D'énormes vagues de capitaux, en provenance de New York, Tokyo et Berlin, déferlent sur les marchés émergents. S'ensuit une envolée des devises de ces pays, qui érigent des barrages pour refouler la spéculation. Et ce n'est pas fini.

Y a-t-il un risque de bulle sur les marchés asiatiques? La Banque mondiale, elle, est convaincue que oui.

Dans un rapport publié la semaine dernière, l'institution met clairement en garde les autorités de la région contre la possibilité d'une bulle financière liée à l'afflux de capitaux en provenance de l'étranger.

«Les pays en développement d'Asie orientale s'efforcent de gérer les forts volumes de liquidités générés en grande partie par l'assouplissement de la politique monétaire des États-Unis», affirme Vikram Nehru, économiste de la Banque mondiale pour l'Asie-Pacifique. Or, cette spéculation motivée par les gains à «court terme» pourrait provoquer une crise si, pour une raison quelconque, le mouvement devait s'inverser, laisse entendre la Banque.

Comme il en était question dans cette chronique la semaine dernière, d'énormes sommes d'argent - résultant de la politique expansionniste de la Réserve fédérale américaine, mais aussi de la Banque centrale européenne (BCE) et de la Banque du Japon - sont réorientées chaque jour vers les marchés en forte croissance en raison des bas taux d'intérêt dans les pays occidentaux.

Par le jeu des carry trades (ou transactions croisées sur les devises), les spéculateurs empruntent des milliards dans des pays où les taux sont bas, comme aux États-Unis où le taux directeur est inférieur à 0,25%, pour investir dans les pays offrant des rendements supérieurs.

Or, ces mouvements de liquidités sont, selon la Banque mondiale, responsables d'une hausse de 10 à 15% des monnaies en Asie par rapport à leur niveau d'avant la crise.

Ce phénomène, qui a déclenché la fameuse «guerre des devises», était au coeur des discussions ce week-end lors d'une réunion des ministres des Finances du G20.

Barrages

Hantés par la crise financière de 1997, les pays d'Asie - mais aussi ceux des autres marchés en forte croissance - prennent le problème très au sérieux.

Avant même que le G20 se prononce sur la question, les pays émergents ont commencé à ériger des barrières pour refouler l'argent «trop chaud» des étrangers.

La Thaïlande, par exemple, vient d'instaurer une taxe de 15% sur les gains des non-résidants détenteurs d'obligations du pays.

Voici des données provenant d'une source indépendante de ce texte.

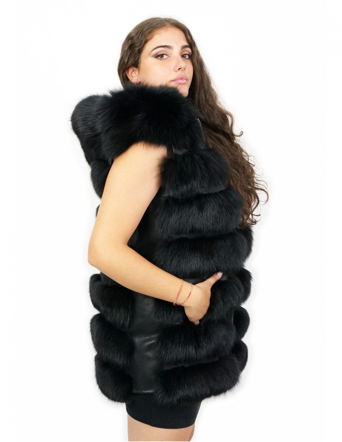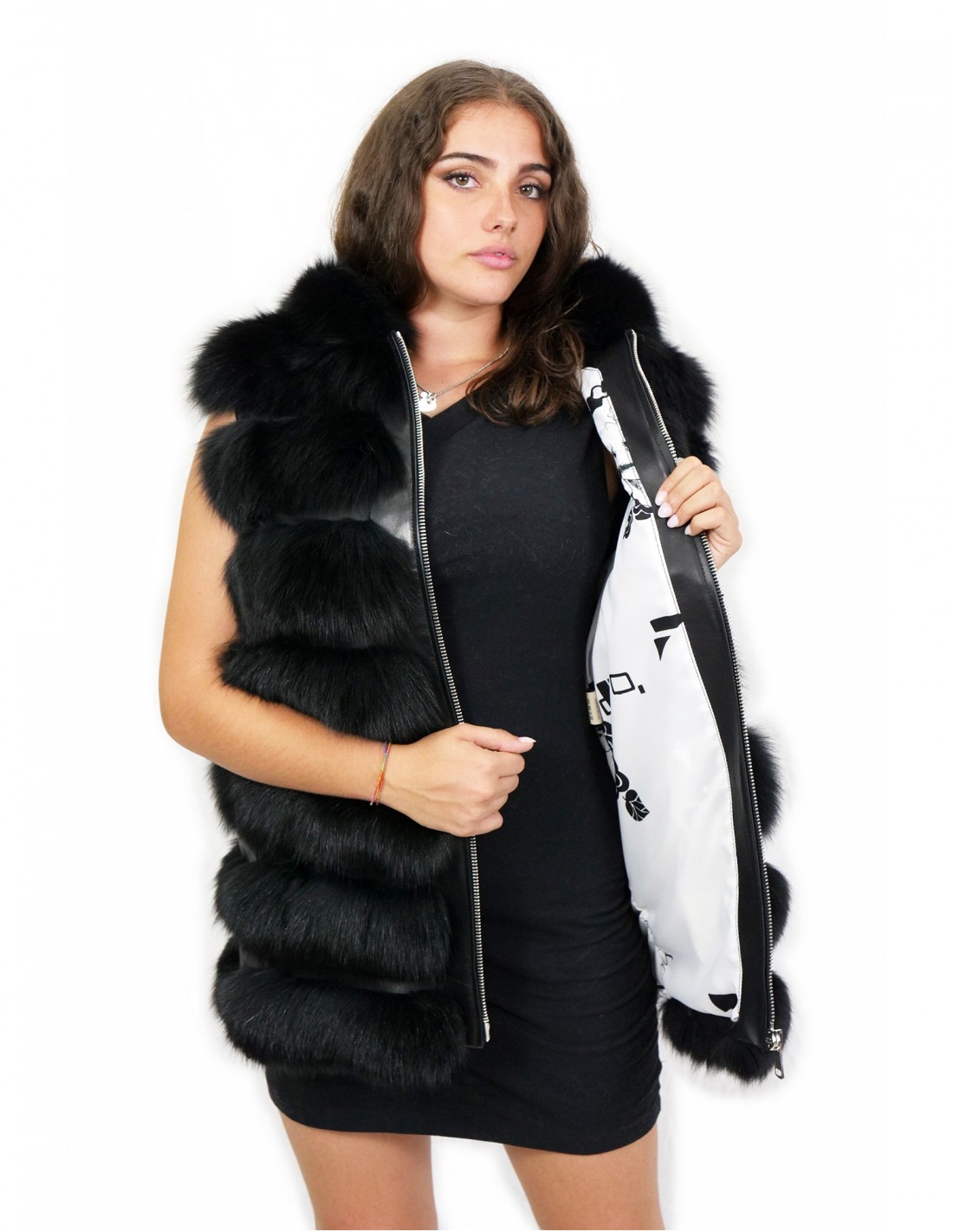 Fox fur vest with whole skins. Our fox furs are productions made in our workshops, therefore a unique and exclusive fox jacket. The possibility of producing our furs of the highest quality allows us to make proposals at different prices with various occasions at low prices always available. Furthermore, our laboratories and our collaborations guarantee a fox fur of undisputed quality 100% made in Italy. The quality of fox fur used for this is a fox fur vest with InModa Pellicceria branded skins. The vest in fox fur and insertion of real black leather comes with external pockets, zip closure and hood lined in leather and external fur and in black, also on the sides it has a leather band designed not to give volume to the hips.

Le but: freiner la poussée du baht, la monnaie locale, qui a pris 12% par rapport au billet vert en 2010.

L'Inde, dont la monnaie flirte avec un sommet en deux ans, envisage aussi des mesures similaires. Et la Corée du Sud prépare un plan en vue de traquer les liquidités de trop, responsables de la poussée ("7,5% face au dollar américain en trois mois) de sa monnaie, le won.

En Amérique latine, le Brésil a pris les grands moyens: le gouvernement vient de relever pour la deuxième fois en un mois une taxe sur les transactions des étrangers sur le marché obligataire brésilien. Celle-ci sera portée de 4 à 6%.

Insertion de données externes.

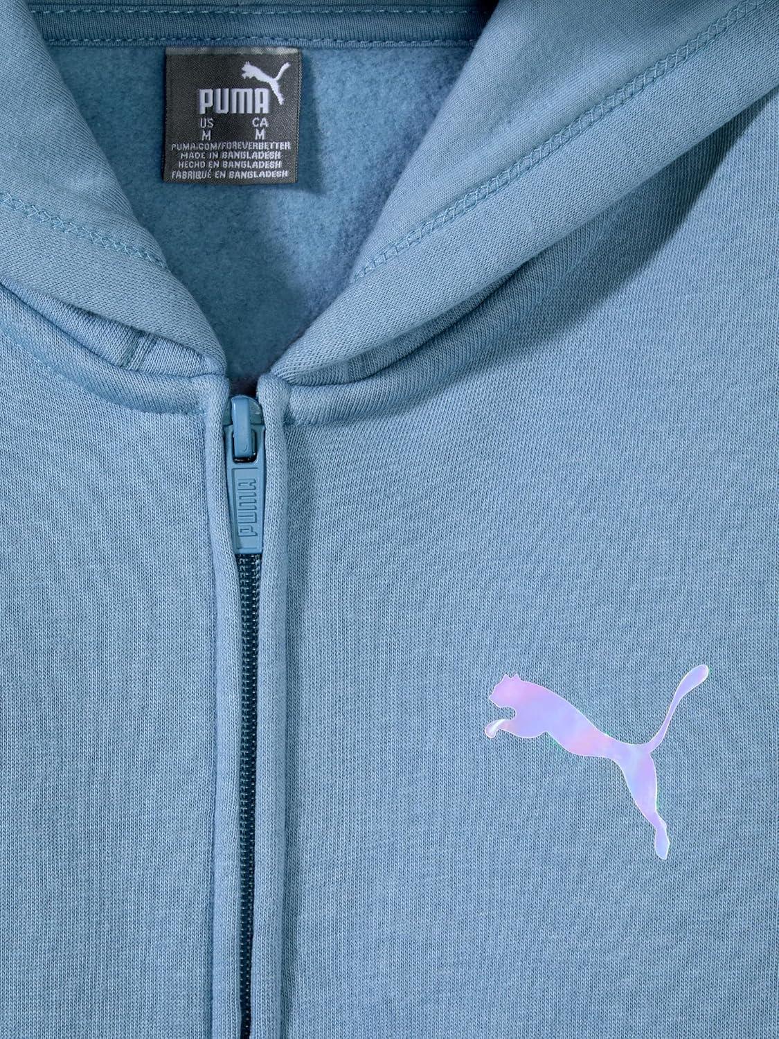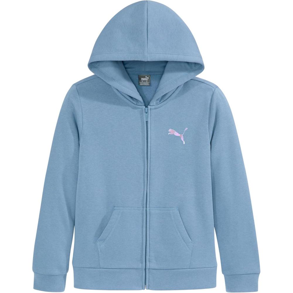 PUMA girls Core Logo Zip Up Hoodie(Zen Blue)

Il faut «décourager les spéculateurs», a martelé la semaine dernière Guido Mantega, ministre des Finances brésilien. La monnaie brésilienne a bondi de 8% depuis juillet par rapport au dollar américain, ce qui en fait la monnaie «la plus surévaluée du monde», au dire de Goldman Sachs.

Cette spéculation à l'échelle planétaire, menée par des hedge funds surtout, prend sans cesse de l'ampleur.

Ainsi, l'argent investi en actions dans les pays émergents a atteint les 60 milliards US depuis neuf mois, dont un tiers seulement en septembre, évalue la firme américaine EPFR Global. Or, pour 2010, ces investissements devraient tripler, à plus de 180 milliards US, par rapport à leur moyenne des cinq dernières années.

Protectionnisme

Le problème n'est pas facile à régler, surtout que les Américains semblent déterminés à garder le cap, soit en abaissant leur dollar afin de stimuler leurs exportations, tandis que la Chine s'entête à contenir les pressions à la hausse du yuan.

Mais lorsque les éléphants se battent, c'est l'herbe qui écope, dit le proverbe. On comprend alors que certains pays émergents cherchent à se protéger, ce qui inquiète le Fonds monétaire international (FMI). Car les barrages érigés pour repousser les fonds étrangers pourraient mener à des mesures protectionnistes dommageables pour l'économie mondiale.

«L'esprit de coopération doit être maintenu. Sans cela, la reprise est en péril», a dit récemment le directeur général du FMI, Dominique Strauss-Kahn. Une inquiétude légitime, que partagent plusieurs économistes. Pas sûr, cependant, que cela empêchera les spéculateurs de dormir.